Problem
Please repeat the listing below exactly, but do not include its pictures.

Source data
=====

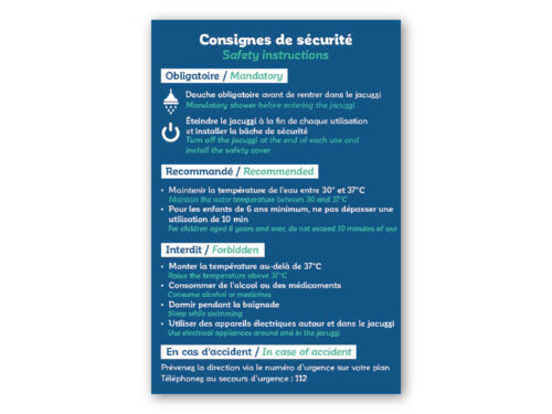 20x30 cm Panneau « Guide d'utilisation jacuzzi », détaillant les instructions d’utilisation étape par étape du jacuzzi et les règles de bon usage. Disponible uniquement en bleu.
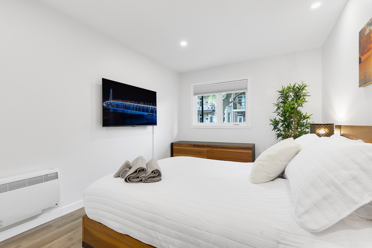 Welcome to our stylish 1-bedroom unit in Little Italy, Montreal! Designed for comfort and convenience, our space is perfect for business travellers. Accessible by a common elevator in a well-maintained building, enjoy a charming atmosphere. Relax in a cozy queen-size bed, use the fully equipped kitchen, and unwind in the spacious bathroom and tub. Stay connected with free wifi, and Netflix, and enjoy a welcome starter amenity kit with fresh coffee and treats.
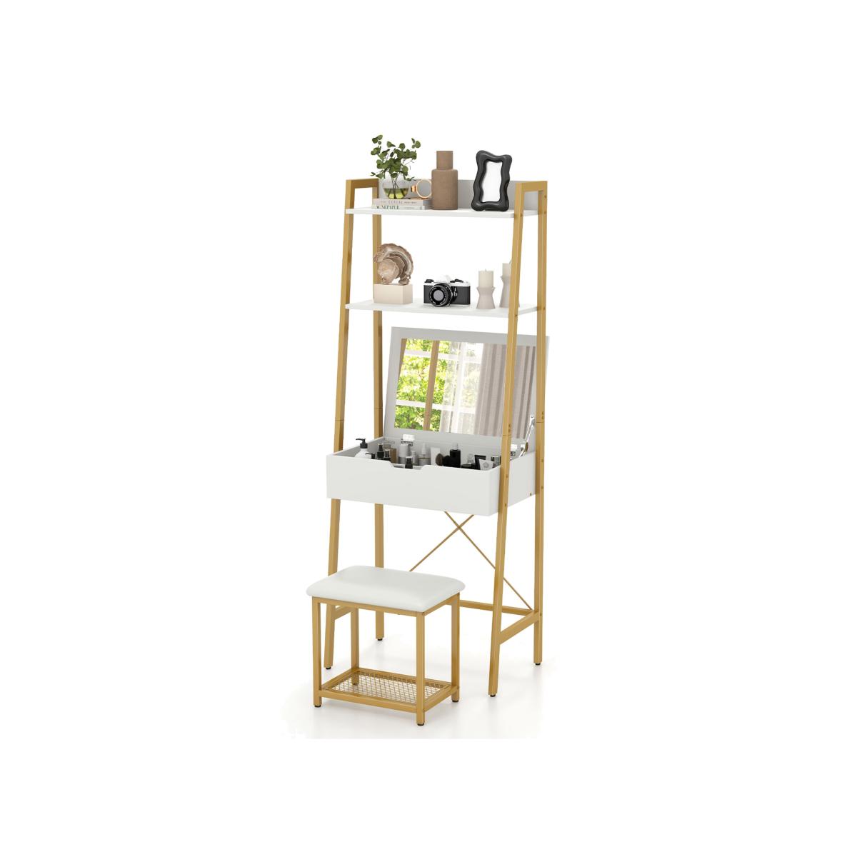 The 3-in-1 vanity is a versatile piece that combines functionality with a touch of glam. I love how the gold finish instantly elevates the space, making it suitable for contemporary or glamour-inspired interiors. It works particularly well in bedrooms with a soft colour palette or monochrome schemes, adding a focal point without overpowering the room. Practical styling tips include layering with a few curated accessories or small plants for colour and texture, and keeping the mirror clear to maximise its reflective benefit. Pair it with a statement chair or stool to add comfort and personalise the look - it’s perfect for small spaces or as a statement piece in a vintage or modern setting.

=====

Result of the task
 20x30 cm Panneau « Guide d'utilisation jacuzzi », détaillant les instructions d’utilisation étape par étape du jacuzzi et les règles de bon usage. Disponible uniquement en bleu.
 Welcome to our stylish 1-bedroom unit in Little Italy, Montreal! Designed for comfort and convenience, our space is perfect for business travellers. Accessible by a common elevator in a well-maintained building, enjoy a charming atmosphere. Relax in a cozy queen-size bed, use the fully equipped kitchen, and unwind in the spacious bathroom and tub. Stay connected with free wifi, and Netflix, and enjoy a welcome starter amenity kit with fresh coffee and treats.
 The 3-in-1 vanity is a versatile piece that combines functionality with a touch of glam. I love how the gold finish instantly elevates the space, making it suitable for contemporary or glamour-inspired interiors. It works particularly well in bedrooms with a soft colour palette or monochrome schemes, adding a focal point without overpowering the room. Practical styling tips include layering with a few curated accessories or small plants for colour and texture, and keeping the mirror clear to maximise its reflective benefit. Pair it with a statement chair or stool to add comfort and personalise the look - it’s perfect for small spaces or as a statement piece in a vintage or modern setting.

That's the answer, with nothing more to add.